Entre
otros géneros, en mi feis urdo de vez
en vez conatos de crónica. Comparto un fragmento de ayer, para que tomen sus
providencias, pues yo pensaba que esto era puritito cuento:
El sábado en la mañana desahogué mis
actividades habituales. Primero, desayunar con Saúl, y después, atender la
sesión del taller literario. A veces, para aprovechar el viaje al centro, me
organizo con el médico para la consulta de rutina, y eso hice al terminar el
taller. Dentro del consultorio había buen clima, aunque quizá un poco pasadito
de frío, no sé. Al salir, subí al coche. Había quedado bajo el sol del mediodía
y por dentro estaba a no menos de 45 grados, un horno de siderúrgica. Apenas me
senté frente al volante, sentí una especie de macanazo en la nuca, como si la
realidad me hubiera noqueado. Con todo y eso, todavía tenía tres pendientes y
los atendí a rastras, con la sensación de que ya no tenía fuerza ni para
levantar un vaso de agua. Vi a mi hija, pasé por unos libros y luego a una
tienda por dos o tres productos que faltaban para la comida. Los minutos fueron
pasando y no sé cómo pude manejar así, como si me hubieran sacado los huesos
del cuerpo. Mi único deseo era llegar a mi cama y cerrar los ojos, desaparecer.

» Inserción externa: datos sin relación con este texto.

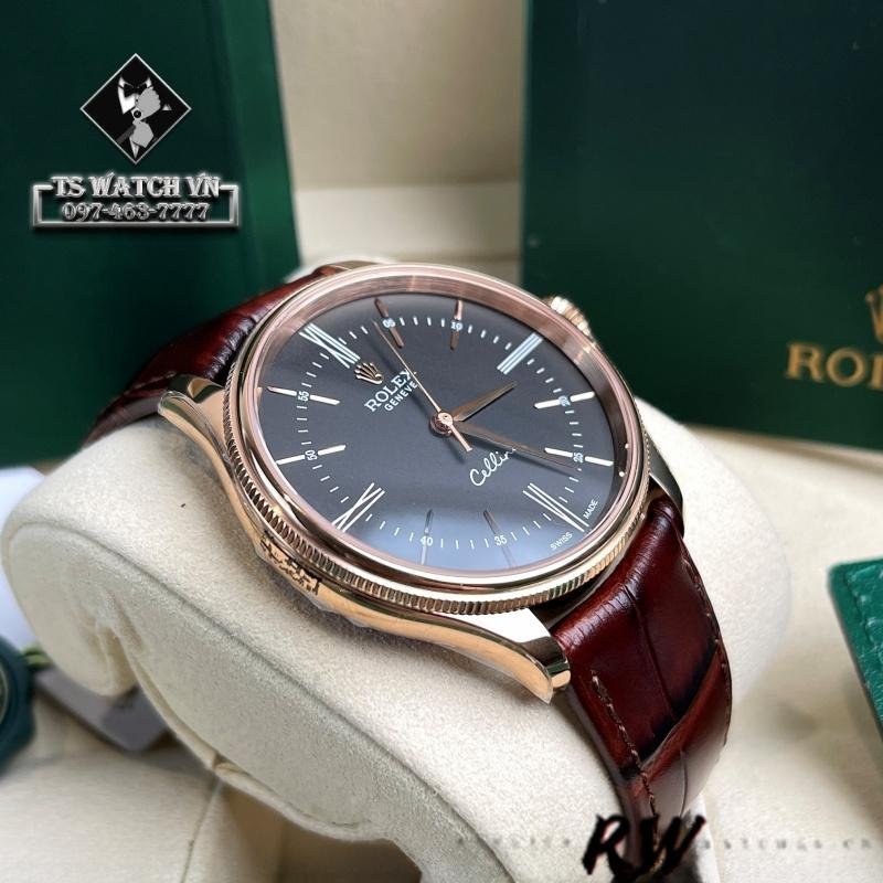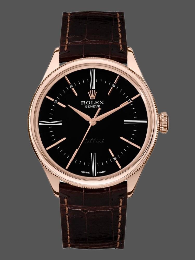 Rolex Cellini Time 50505 Men’s Watch Replica Brown Leather Strap Black Dial 39mm

Cuando entré a la casa, no saludé a Maribel, dejé los productos en la cocina y
le dije que debía dormir urgentemente; contra mi costumbre, me despojé de la
ropa como un borracho, tirándola al lado de la cama, y caí. Desperté como dos horas
después. Maribel fue a tocarme en la frente y notó mi fiebre. Con su calidez
habitual me atendió, me pasó medicamento y me dijo que me diera un regaderazo
mientras ella preparaba mi comida. Poco después, yo ya estaba mucho mejor, sin
fiebre y con apetito. Aunque sentía el fantasma del malestar, toda la tarde
pude al menos vagabundear en Facebook y en Youtube. En la noche reapareció la
febrícula, pero de inmediato fue aplacada a punta de Paracetamoles. Supuse que
la culpa era de algún alimento, de alguna gorda del desayuno. Pero no, el
estómago estaba incólume. El domingo, todavía tirado, algo débil y sin ánimo, consulté
con mi hermana, que mucho sabe de todo esto, y concluyó que fue “un golpe de
calor”. Me dio recomendaciones y me dijo que no me preocupara, pero que
necesitaba dos o tres días para quedar bien. La moraleja de este relato es, al
menos para mí, la siguiente: que a cierta edad ya no es posible pasar de frío a
calor o de calor a frío sin consecuencias.
El calor me hacía antes los mandados; hoy no. Hoy, contra toda mi experiencia anterior, el calor de mayo, junio, julio y agosto es una posibilidad de zancadilla y derrumbe. Cuídense si viven en un infierno como el lagunero.